Mrs. Vasquez shuddered at the thought that something was missing from her son’s case. Her son, she said, has spent much of his life in counseling since he began showing signs of emotional problems at age 3. She said he was hospitalized at age 7 after trying to jump out of a moving car. More recently, he said, he had angry outbursts and punched holes in walls. He wanted a gun, Ms. Vasquez told police, but refused to buy him one. Although she had no weapons to carry out an attack when she notified police, she said, she worried she might meet others who could help. Her son, now back with his mother, said in an interview that at the time his diary was found, he was angry about his life, including poor progress in treatment, a harsh childhood in poverty, a sense that he abandoned by his mother and being bullied at school. He wasn’t on consistent mental health medication at the time, she said, and “his paranoia was through the roof.” As for the focus on mass shooters, he called it a passing interest.

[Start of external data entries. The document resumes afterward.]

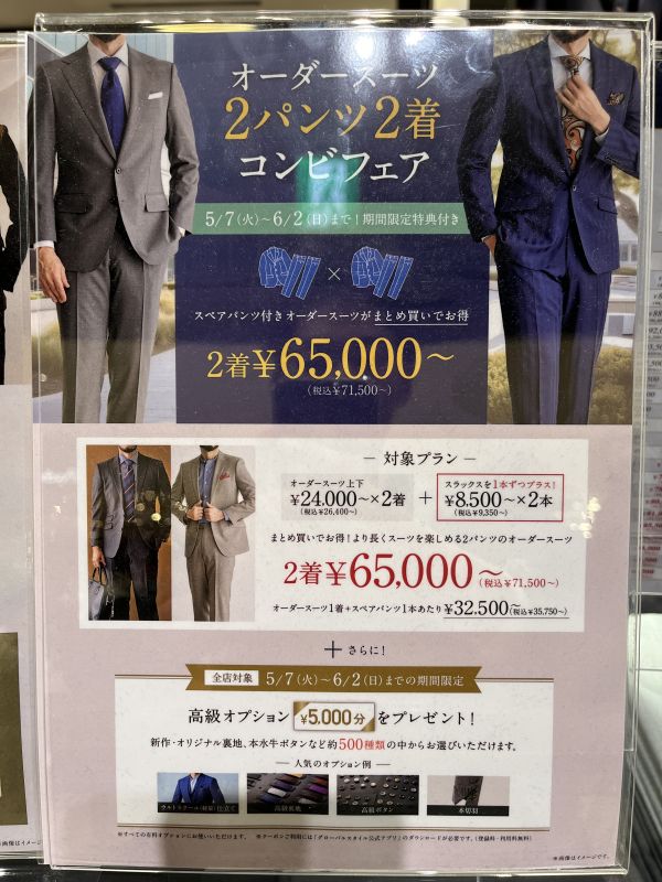 スペアパンツは一本¥8,500(税込¥9,350)~ で作ることができます!
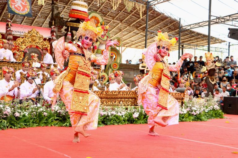 FORUM Keadilan Bali – Duta seni Kota Denpasar, Seka Semara Pegulingan Dharma Winangun, Banjar Pemalukan, Kelurahan Peguyangan, Denpasar Utara menampilkan Tari Legong Kuntul pada Pesta Kesenian Bali (PKB) ke-44 di Kalangan Ayodya, Taman Budaya Art Center, Selasa (5/7).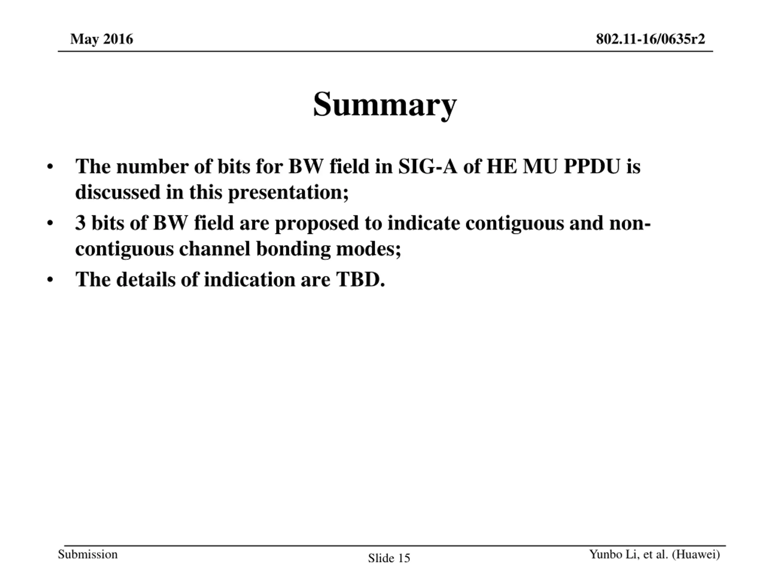 May 2016 802.11-16/0635r2 Summary The number of bits for BW field in SIG-A of HE MU PPDU is discussed in this presentation; 3 bits of BW field are proposed to indicate contiguous and non- contiguous channel bonding modes; The details of indication are TBD. Submission Yunbo Li, et al. (Huawei) Slide 15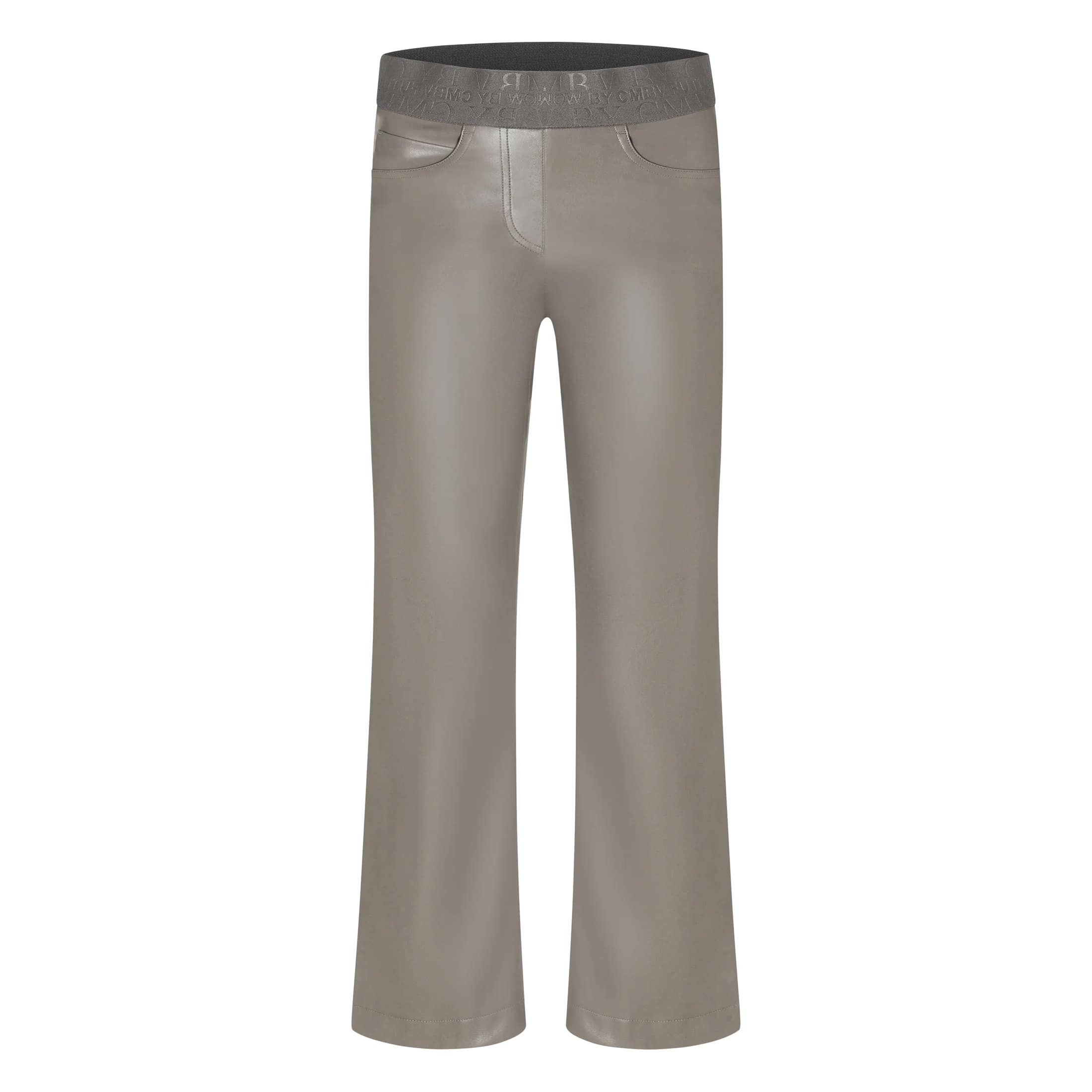 Grijs, groene pantalon van Cambio, model Felice in dusty olive. Deze broek is gemaakt van een leerlook stof en heeft een slim fit pasvorm met licht uitlopende broekspijpen. De pantalon heeft een elastische taille, twee steekzakken en twee achtrzakken.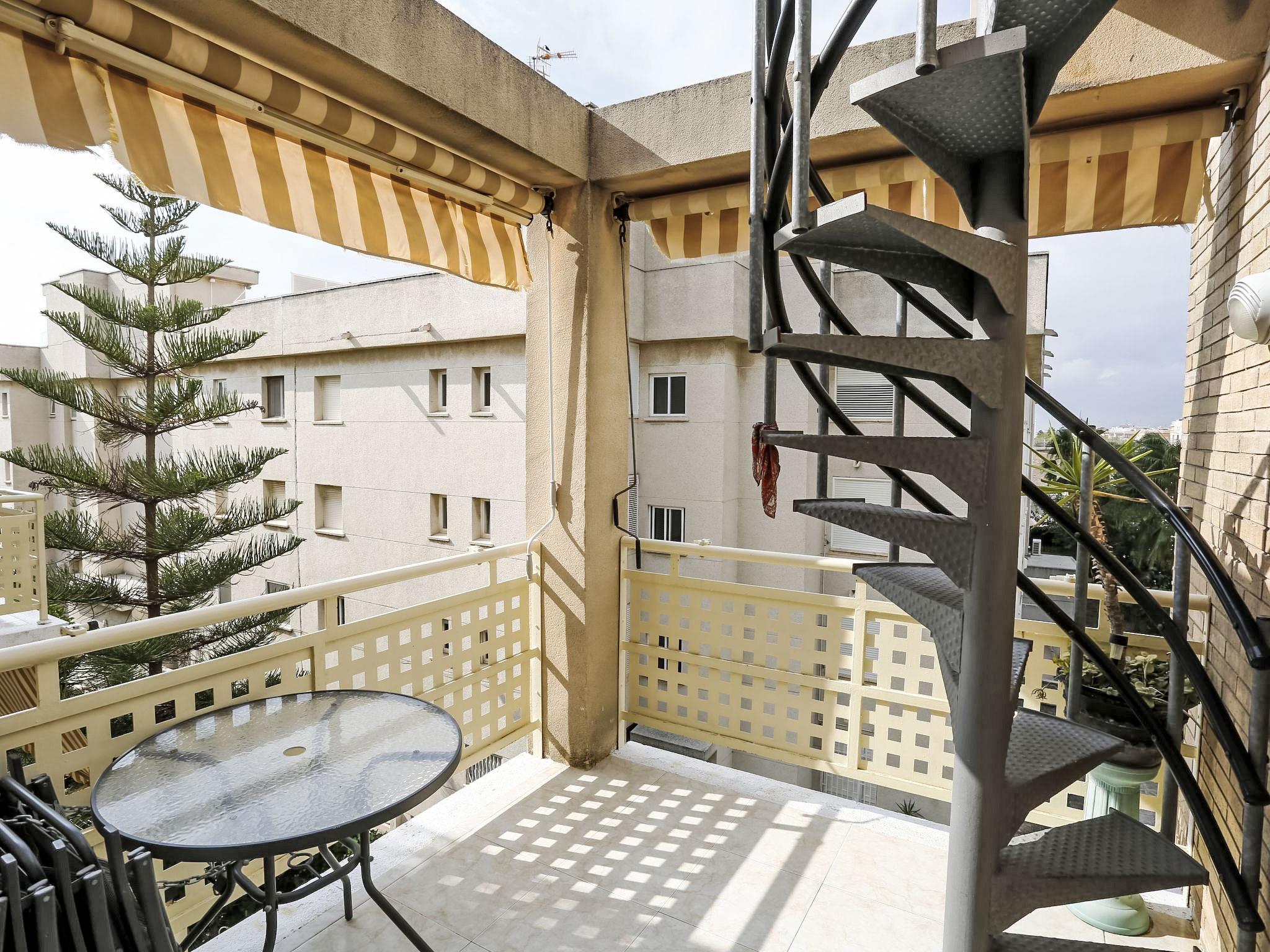 3-room penthouse 68 m2 on 3rd floor. Comfortable and modern furnishings: living/dining room with 1 sofabed, satellite TV, digital TV, hi-fi system, DVD, air conditioning and fan. Exit to the terrace. 1 room with 1 french bed, air conditioning and fan. 1 room with 2 beds and fan. Kitchen (4 hot plates, oven, dishwasher, microwave, freezer) with dining table, fan. Shower/bidet/WC. Heating, air-conditioning, forced-air heating. Terrace 32 m2, terrace 12 m2. Terrace furniture, deck chairs (5). View of the sea. Facilities: washing machine. The 32 m2 terrace is a sun terrace which is accessed by a spiral staircase leading from the terrace. HUTT-006191 // Reg. Nr.: ESFCTU00004302600014721200000000000000000HUTT-0061915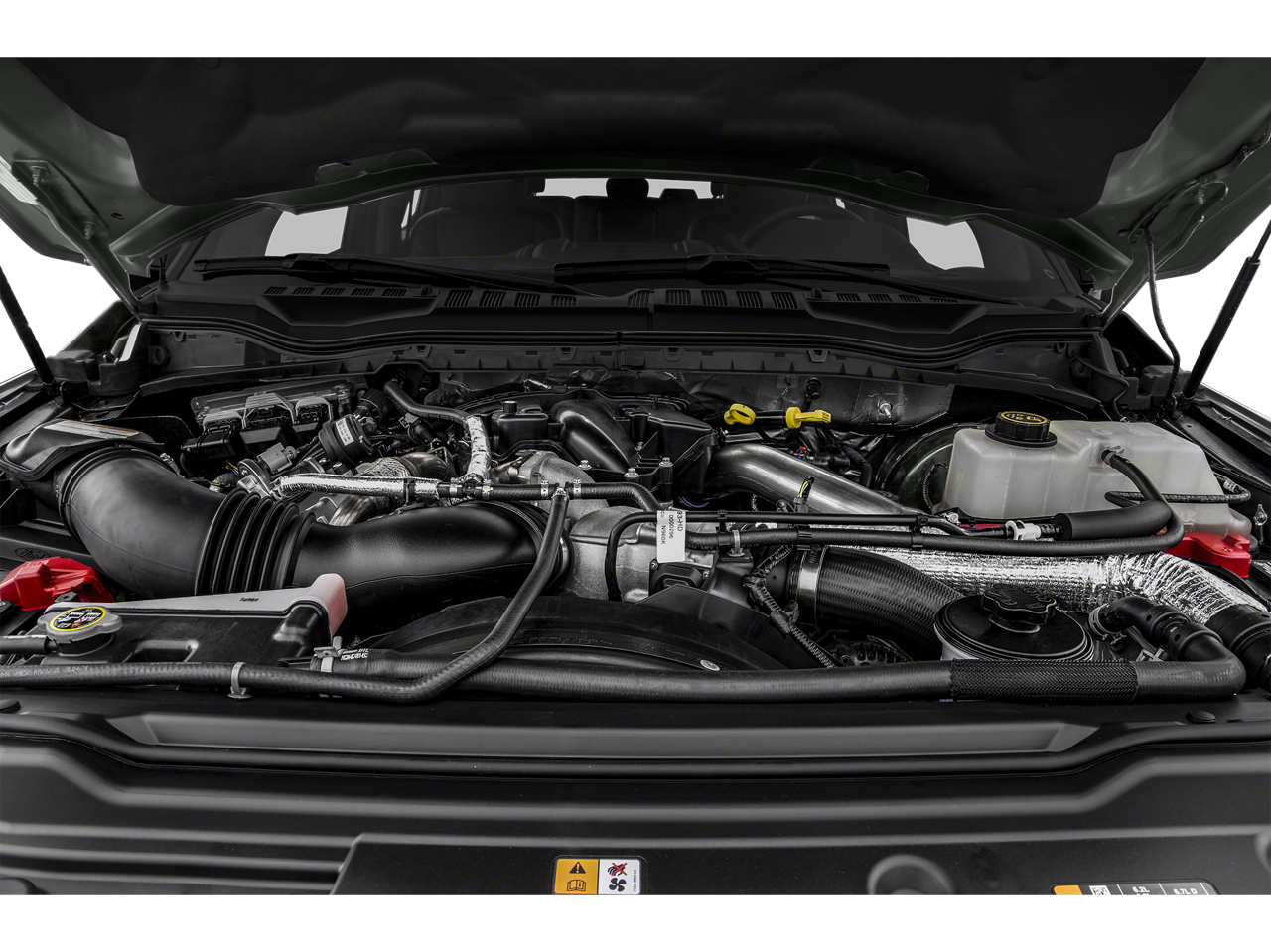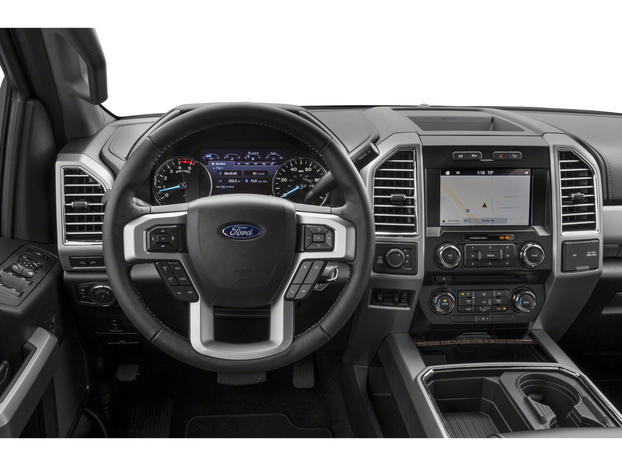 LARIAT ULTIMATE PACKAGE Power Heated/Cooled Driver Seat w/Memory, PowerScope Trailer Tow Mirrors w/Memory, Automatic High Beam, rain-sensing windshield wipers, EASY ENTRY®/Exit Memory Drivers Seat Feature, Tailgate Step & Handle, LED Box Lighting, LED Center High-Mounted Stop Lamp (CHMSL), Intelligent Access w/Push-Button Start, Power Heated/Cooled Passenger Seat, Voice-Activated Navigation, HD and SiriusXM Traffic and Travel Link, NOTE: SiriusXM Traffic and Travel Link includes a, Services are not available in Alaska and Hawaii, Memory Power-Adjustable Pedals, Remote Start System, Ambient Lighting - Fixed Color, Power Telescoping/Tilt Steering Wheel/Column, heat, memory and audio controls, Remote Tailgate Release, CHROME PACKAGE 2 front chrome tow hooks, Unique Chrome Mirror Caps, Wheels: 18 Chrome PVD Aluminum, Body-Color Door Handles w/Chrome Insert, 6 Angular Chrome Step Bars, Chrome Exhaust Tip, BLIND SPOT INFORMATION SYSTEM (BLIS) cross-traffic alert and trailer tow (BLIS sensor in taillamp), ELECTRONIC-LOCKING W/3.73 AXLE RATIO, ENGINE: 6.2L 2-VALVE SOHC EFI NA V8 FLEX-FUEL Flex-Fuel badge on fleet orders only (STD). Ford LARIAT with Oxford White exterior and Black interior features a 8 Cylinder Engine with 385 HP at 5750 RPM*.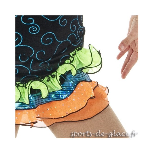 Tenue de compétition de patinage noire, vert pale, turquoise et orange. Création originale Josiane Lamond collection "Character ''. Disponible immédiatement en 6ans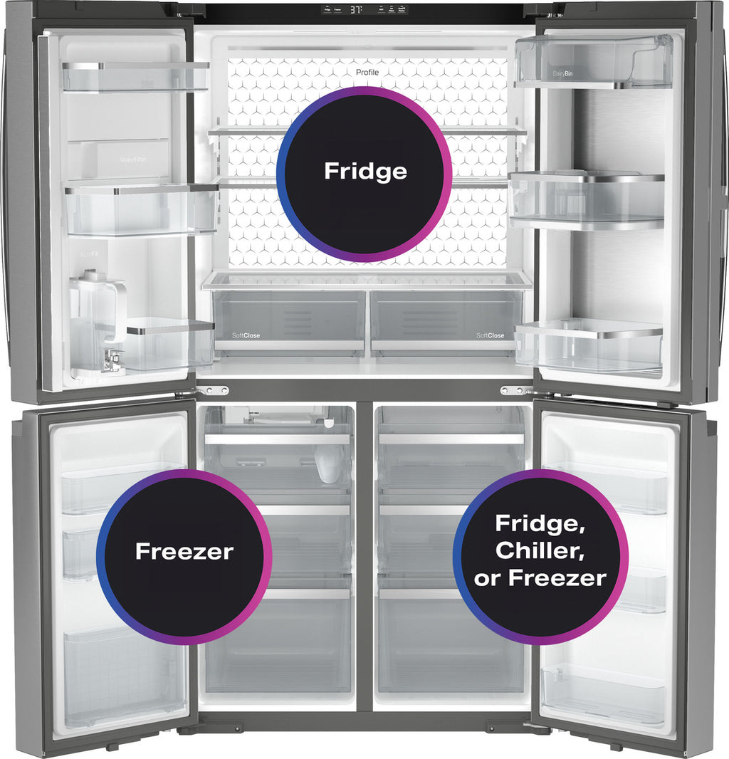 This dual evaporator refrigerator features TwinChill evaporator climate zones in the fresh food and freezer sections, which help keep food at optimum freshness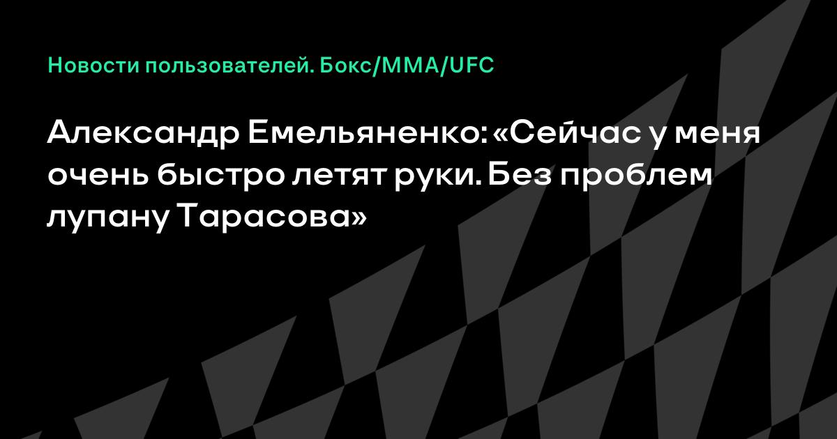 Александр Емельяненко: «Сейчас у меня очень быстро летят руки. Без проблем лупану Тарасова»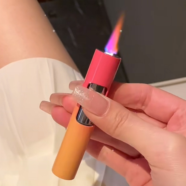网红ins圆柱便携小巧粉焰充气打火机防风直冲个性 渐变送男友闺蜜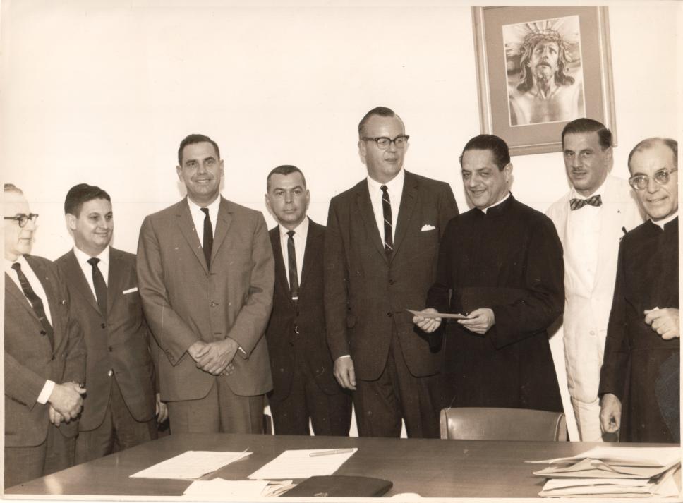 Pe. Laércio Dias de Moura S.J. e Pe. Roser S.J. recebem doação (cheque) da empresa Gillete para a construção do prédio da Física.

He said he doesn’t think his mother needed to get the police involved and is still upset she did. Some of Ms. Vasquez’s relatives also questioned whether she had gone overboard by involving the police. “Some people thought maybe she lured him to get him out of the house,” said Susan Tate, Ms. Vazquez’s mother. Mrs Tate said she had also noticed her grandson’s behavioral problems and fixation on violence. The diary found by police, detailed in the arrest warrant, contained depictions of violent scenes, including people hiding under classroom tables to escape an assailant, a promise to cause more havoc than Oklahoma City bomber Timothy McVeigh and an entrance called the anniversary of the Columbine school massacre a day of celebration.

Ms Vazquez’s son said he has changed a lot since he kept his diary.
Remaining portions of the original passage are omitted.